Daniel Kay et la dégustation poétique des gaufrettes de Baugin

 

 

Voici un très beau cadeau que Daniel Kay nous offre par son livre Baugin, Le Dessert de gaufrettes qui vient de paraître dans la collection Ekphrasis des Éditions Invenit.

Il s’agit, comme il tient à nous avertir dès l’incipit, de « quelques fragments d’inégale longueur et aux registres variés, souvent plus proches de la poésie ou de la fiction que de l’analyse iconographique savante ». En effet, ces pages on la beauté et le frisson exquis de la poésie, tout en se présentant comme un régal qui retient son souffle et en invitant l’œil à se (re)poser sur un des plus beaux tableaux du XVIIe siècle français. Le langage se fait ainsi l’écho d’une contemplation émerveillée, sublimée dans des mots qui finissent comme un collier de révérences devant le tableau tant admiré et qui ne cesserons de dévoiler leurs intimes secrets.

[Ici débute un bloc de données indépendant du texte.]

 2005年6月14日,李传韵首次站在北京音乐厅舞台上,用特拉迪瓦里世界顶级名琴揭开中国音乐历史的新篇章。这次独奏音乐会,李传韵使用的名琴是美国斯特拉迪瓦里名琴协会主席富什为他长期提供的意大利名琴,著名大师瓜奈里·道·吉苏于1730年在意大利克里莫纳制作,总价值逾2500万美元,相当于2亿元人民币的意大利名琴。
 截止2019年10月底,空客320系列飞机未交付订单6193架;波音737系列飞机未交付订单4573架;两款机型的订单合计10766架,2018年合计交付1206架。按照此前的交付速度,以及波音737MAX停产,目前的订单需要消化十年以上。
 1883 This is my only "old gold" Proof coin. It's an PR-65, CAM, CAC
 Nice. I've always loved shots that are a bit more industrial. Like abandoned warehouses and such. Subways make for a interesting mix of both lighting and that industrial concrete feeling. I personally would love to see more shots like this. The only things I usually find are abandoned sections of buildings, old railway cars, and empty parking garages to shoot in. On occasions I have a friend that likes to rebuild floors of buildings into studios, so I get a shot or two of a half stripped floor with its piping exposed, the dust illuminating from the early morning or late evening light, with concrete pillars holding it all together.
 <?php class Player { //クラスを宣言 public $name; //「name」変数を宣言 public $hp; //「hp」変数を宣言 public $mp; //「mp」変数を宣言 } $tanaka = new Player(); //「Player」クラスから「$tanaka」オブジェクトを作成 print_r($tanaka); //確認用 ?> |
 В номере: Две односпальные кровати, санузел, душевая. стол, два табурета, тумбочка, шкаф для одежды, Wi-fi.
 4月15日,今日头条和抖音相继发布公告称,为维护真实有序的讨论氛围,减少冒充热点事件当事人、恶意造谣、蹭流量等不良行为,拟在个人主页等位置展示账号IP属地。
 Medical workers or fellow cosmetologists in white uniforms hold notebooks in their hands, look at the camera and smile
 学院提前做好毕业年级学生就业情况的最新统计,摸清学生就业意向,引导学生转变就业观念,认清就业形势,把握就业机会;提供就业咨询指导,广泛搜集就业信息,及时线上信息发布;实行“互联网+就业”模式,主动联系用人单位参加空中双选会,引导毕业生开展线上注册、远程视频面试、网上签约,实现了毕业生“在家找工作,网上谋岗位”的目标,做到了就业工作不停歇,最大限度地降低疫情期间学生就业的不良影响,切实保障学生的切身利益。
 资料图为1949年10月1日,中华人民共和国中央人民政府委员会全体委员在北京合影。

Ce qui impressionne surtout chez Daniel Kay c’est le caractère retenu de son écriture, plus proche de la pudeur que de la circonspection, une sorte d’anagogie contrastant avec l’emprise d’une quelconque divulgation du mystère contemplé. « Chez Baugin – écrit-il –, le monde est là, sans rhétorique, tout simplement dit. Non pas clamé, mais dit à voix basse, susurré loin de toute idée de profération. » La formule peut s’appliquer parfaitement à son langage, avec cette précision que nous avons ici affaire à un subtil et ineffable processus à la fois pictural et poétique, de sublimation du réel à travers l’harmonie, ce terme que les Grecs utilisaient pour dire le monde, le Cosmos.

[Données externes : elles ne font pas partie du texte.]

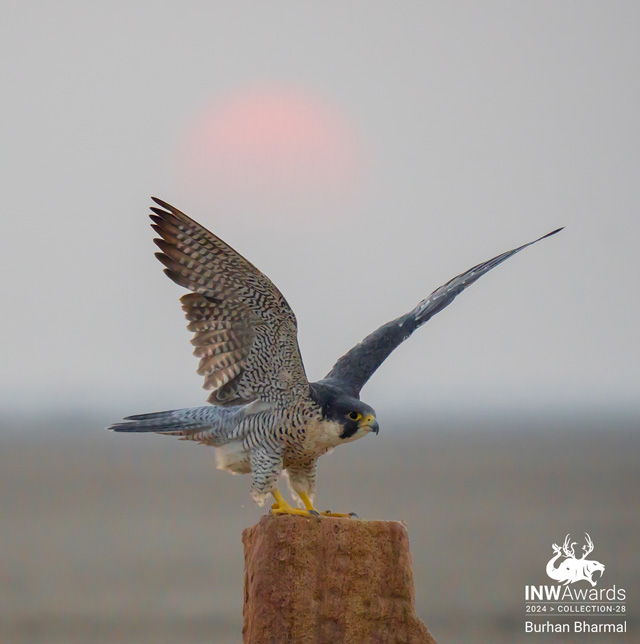 Moment before flight :I took this image in the little rann of kutch when I spotted a peregrin falcon in the distant, I sat there till the last rays of the sun hit the earth and thats when it decided to fly off, I was ready with my camera and captured this shot just as it was about to take off with the sunset behind. I captured a peregrine falcon poised on the brink of flight, the golden light of sunset . With the sun sinking low in the sky, the bird’s wings were spread, its gaze focused. In that single photograph, a bird at the height of its readiness, about to spring into action by thrusting it wings downwards. A photograph that is defined as still shows a sense of motion.
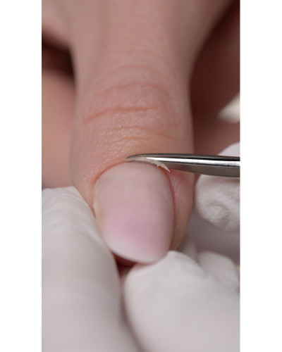 A ponta curva em formato de gancho acompanha a linha natural da cutícula, permitindo uma remoção precisa mesmo nas zonas de difícil acesso. Este formato melhora o controlo do corte e proporciona um movimento mais ergonómico da mão.
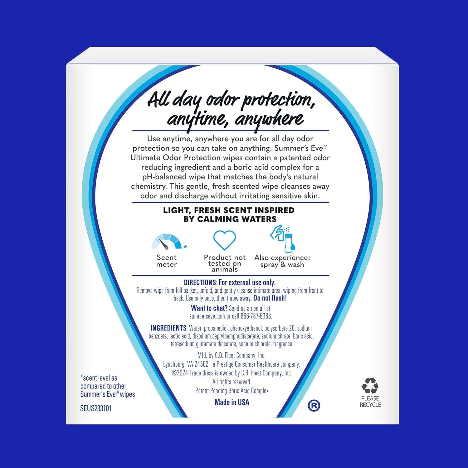 Introducing SUMMER'S EVE ULTIMATE ODOR PROTECTION, a revolutionary approach to intimate freshness. These individually wrapped feminine wipes combine advanced boric acid technology with a gentle, pH-balanced formula to deliver uncompromising odor protection and all-day confidence.

Révélé lors de l’exposition de 1934, Les Peintres de la réalité en France au XIIe siècle, organisée par Paul Jamot et Charles Sterling au Musée du Louvre, Baugin, dont on connait peu de choses sur sa biographie, est présent avec 3 tableaux dont La nature morte aux gaufrettes.

L’écrivain Pascal Quignard traite de ce sujet dans son roman Tous les matins du monde. Alors que le grand romancier scrute le contexte historique de ce tableau, Daniel Kay, lui, se penche plutôt sur son côté esthétique, sur « la beauté rigoureuse et géométrique du dessin » et sur « le chromatisme distingué et retenu », évoquant son classicisme. Il s’agit, selon lui, plutôt d’une « réalité augmentée » où « les objets du monde (…) doivent faire corps avec autorité tout en laissant les éléments distincts s’affirmer à la marge ».

La proposition qui nous est donnée ici dépasse la simple tentative de transposition mimétique entre lisibilité et visibilité contenue dans la fameuse formule horatienne ut pictura poesis. Daniel Kay se positionne dans le domaine de l’enchantement, dans une perspective où le regard esthète réclame prestement d’exercer le droit à l’interprétation de l’agencement de cette nature morte, aux couleurs des objets qui la composent, à l’origine, aux goûts et à la texture de ces gaufrettes, pain travaillé au fer, objets craquelés se brisant « sous le rempart des incisives » et se mélangeant au vin reposant dans le verre posé à côté.

Tout devient spectacle, fête, musique, saveur, « souvenir des plaisir domestiques, si calmes, quelque part dans l’ineffable ».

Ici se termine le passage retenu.